START Data provided

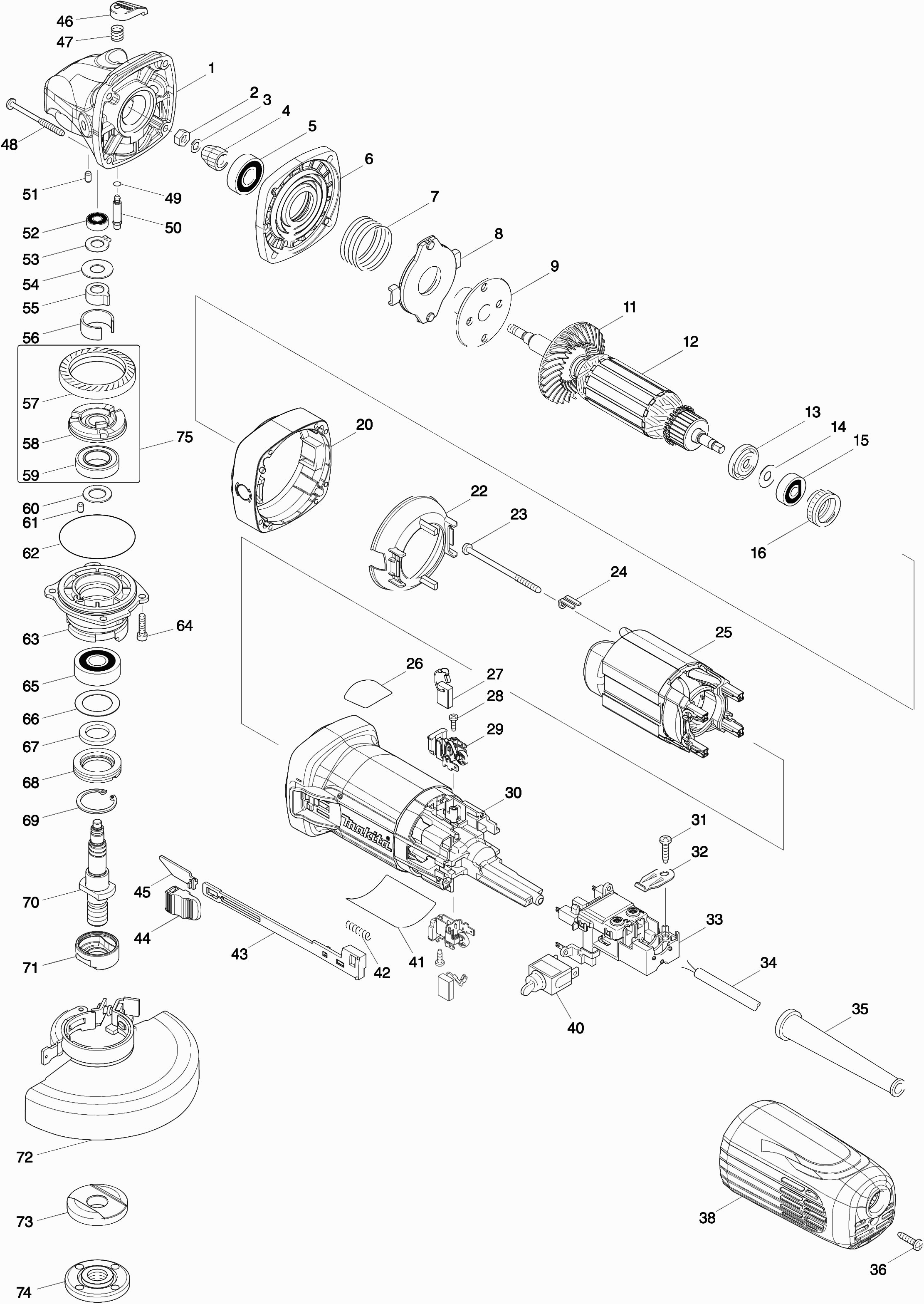 Hier vindt u alle beschikbare onderdelen en tekeningen van de 'Makita GA5041'. Vanaf hier kunt u direct alle gewenste onderdelen bestellen. Vele onderdelen moeten bij de fabrikant besteld worden, dit duurt afhankelijk van het merk, één tot vier weken. Alle informatie die we hebben, staat op onze website, wij kunnen u geen advies geven over wat u nodig heeft, daarvoor zult u de machine ter reparatie in moeten leveren. Let bij het bestellen op het volgende:
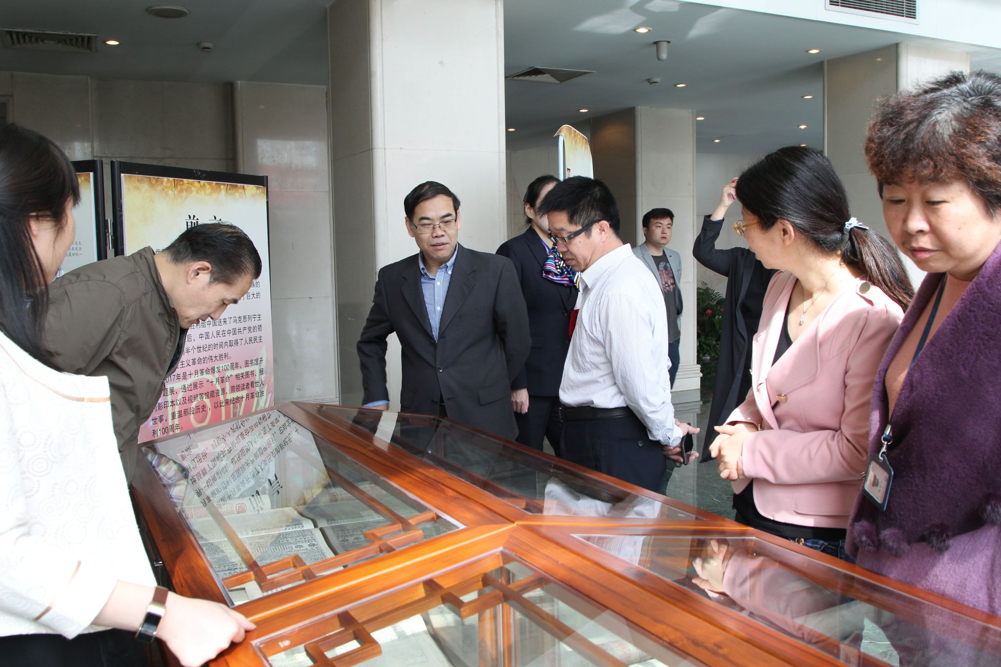 开幕式前夕,曾峻和到场嘉宾参观了校院读书月系列活动之一——“回眸1917”主题展。2017年,恰逢俄国十月革命胜利100周年,图书馆利用珍贵的馆藏资源,开设专题展,通过展示“十月革命”相关图书、报纸和俄文图册,并以“阅书”“阅世”“阅人”为线索,梳理“十月革命”的发生和发展,试图带领读者重温那段光辉历史,以此纪念“十月革命”胜利这一伟大历史事件。
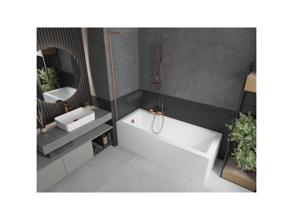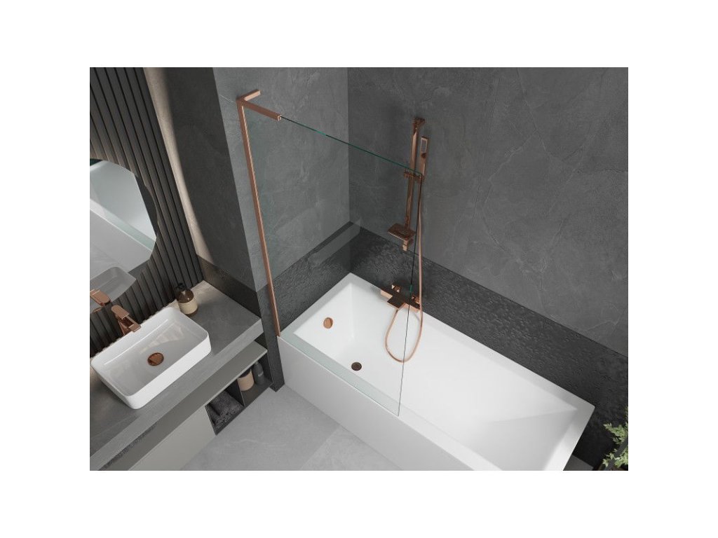 Mexen Next L 1-krídlová vaňová zástena 90 x 150 cm, transparentná, brúsená meď - 895-090-000-03-00-65
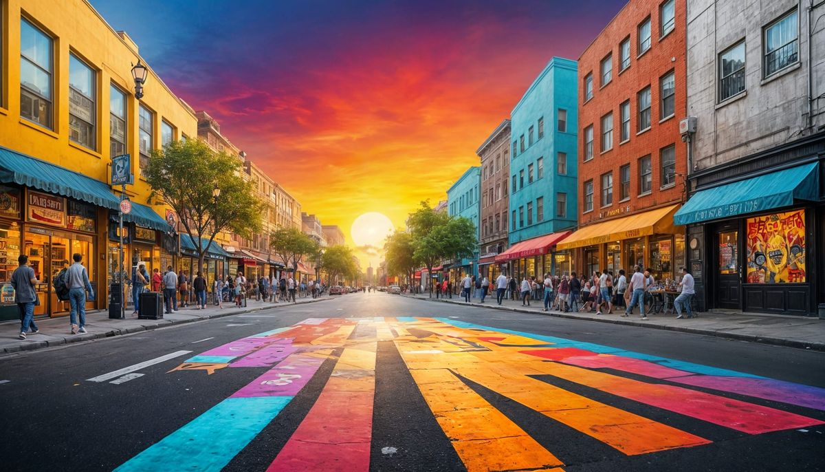 This image captures the energy of a street dance performance in a bustling city, with dancers moving in perfect sync to the rhythm of the music, surrounded by vibrant colors and lively atmosphere.
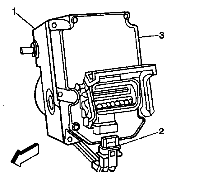 7. Rotate the EBCM connector tab (2) down to the locked position.
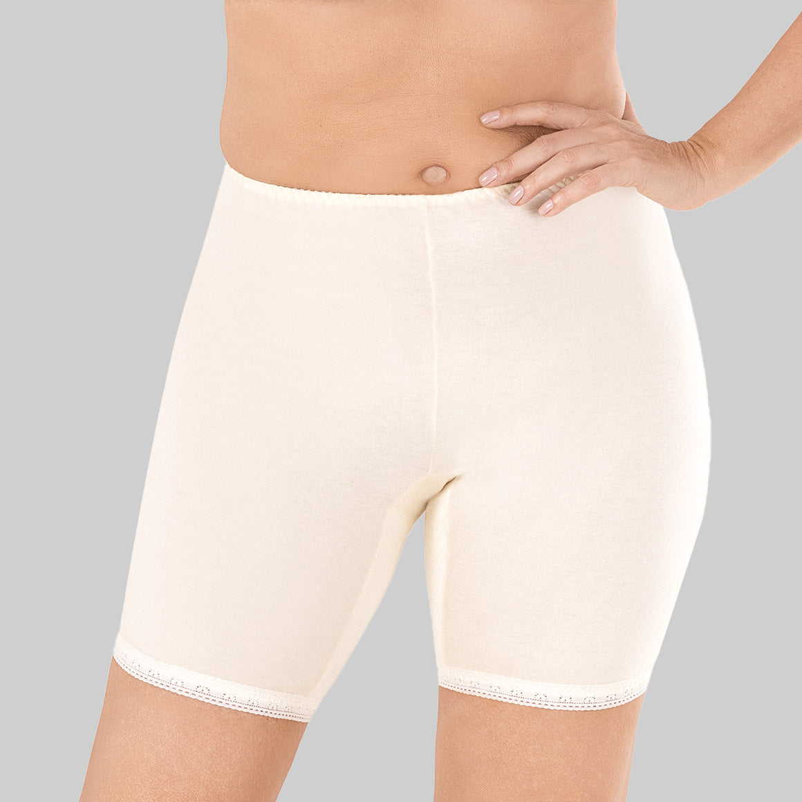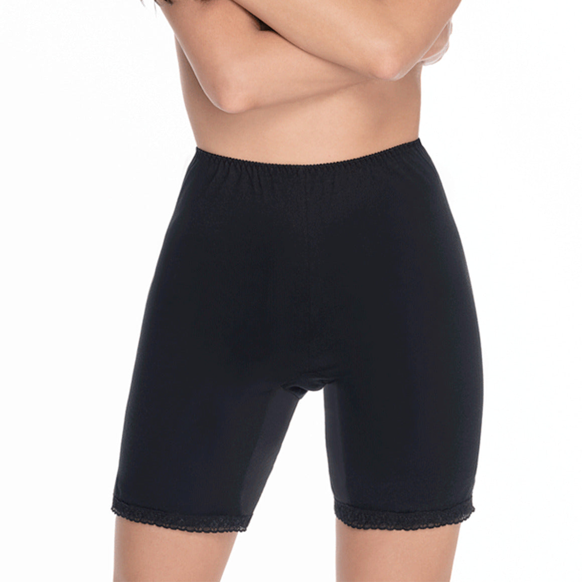 Saya pantalón con talle alto. elaborado de algodón, con refuerzo de doble tele en la entrepierna, elástico en pierna y cintura para un mejor ajuste, con detalles de encaje en el ruedo.
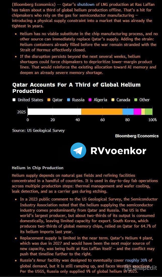 из-за того, что Катар закрыл производство СПГ, около трети мирового производства гелия было остановлено. Это затронуло производителей чипов, которые полагаются на гелий для производства полупроводников;
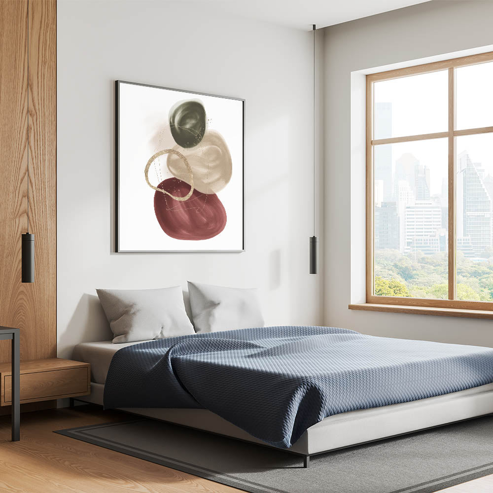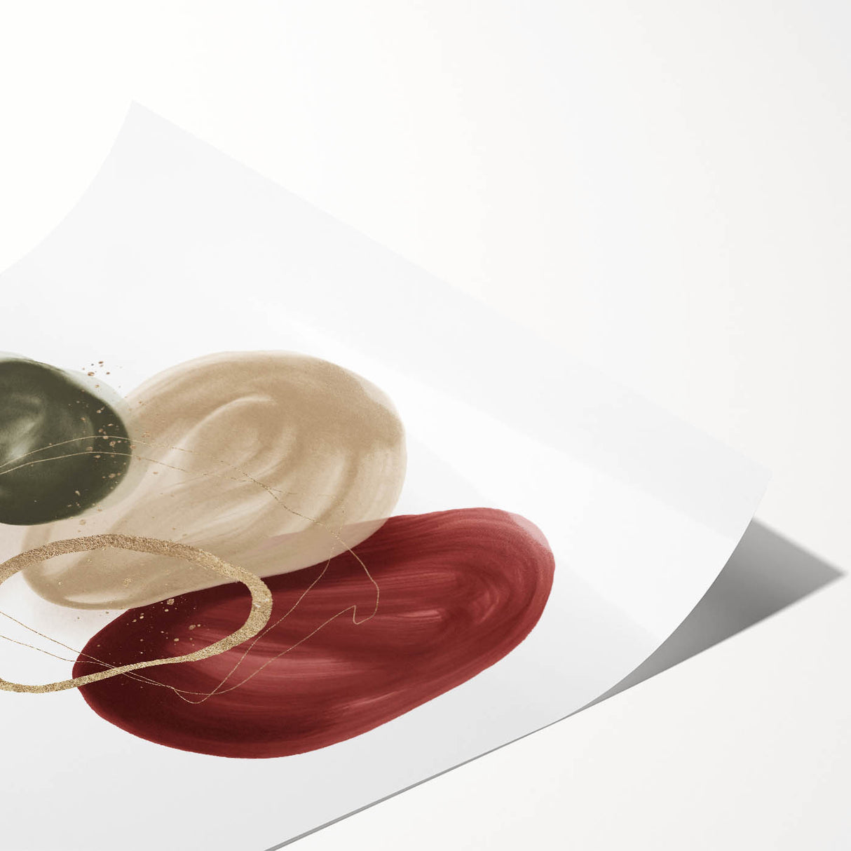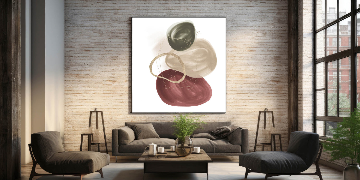 Add sophisticated flair to your space with this geometric minimalist abstract wall art, designed for lovers of modern elegance. Featuring a harmonious blend of earthy tones—rich burgundy, muted beige, and deep olive green—this artwork adds a refined statement to both contemporary and minimalist interiors. Accented with gold brush strokes and subtle textures, the design delivers visual depth while maintaining a calming, structured balance.
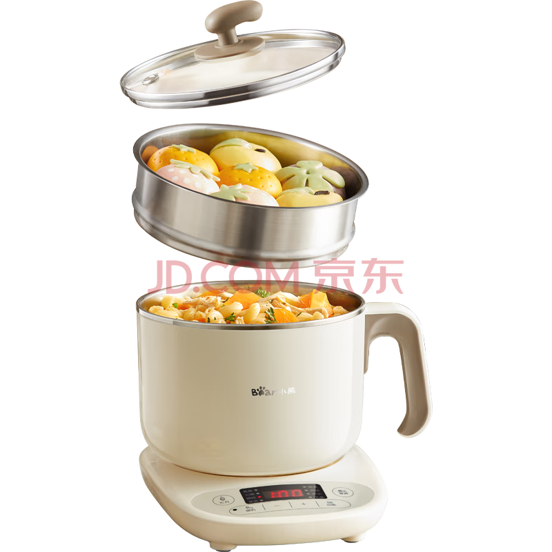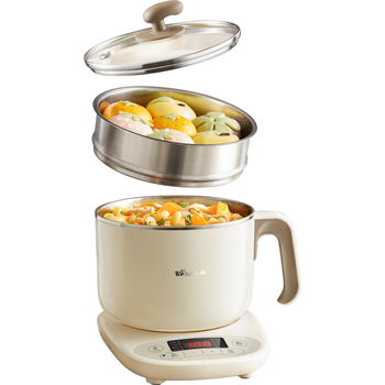 小熊(Bear)不锈钢电煮锅 电蒸锅 宿舍多功能锅小电锅 0涂层蒸煮一体可预约 小型1-2人用分体式 C12N7 配蒸笼

END Data provided

_Task statement_
Although pictures appear among the records above, write out exactly only the lines from the one that has "This image captures" through the one that has "7. Rotate the", and leave the pictures out.

_Response box_
 This image captures the energy of a street dance performance in a bustling city, with dancers moving in perfect sync to the rhythm of the music, surrounded by vibrant colors and lively atmosphere.
 7. Rotate the EBCM connector tab (2) down to the locked position.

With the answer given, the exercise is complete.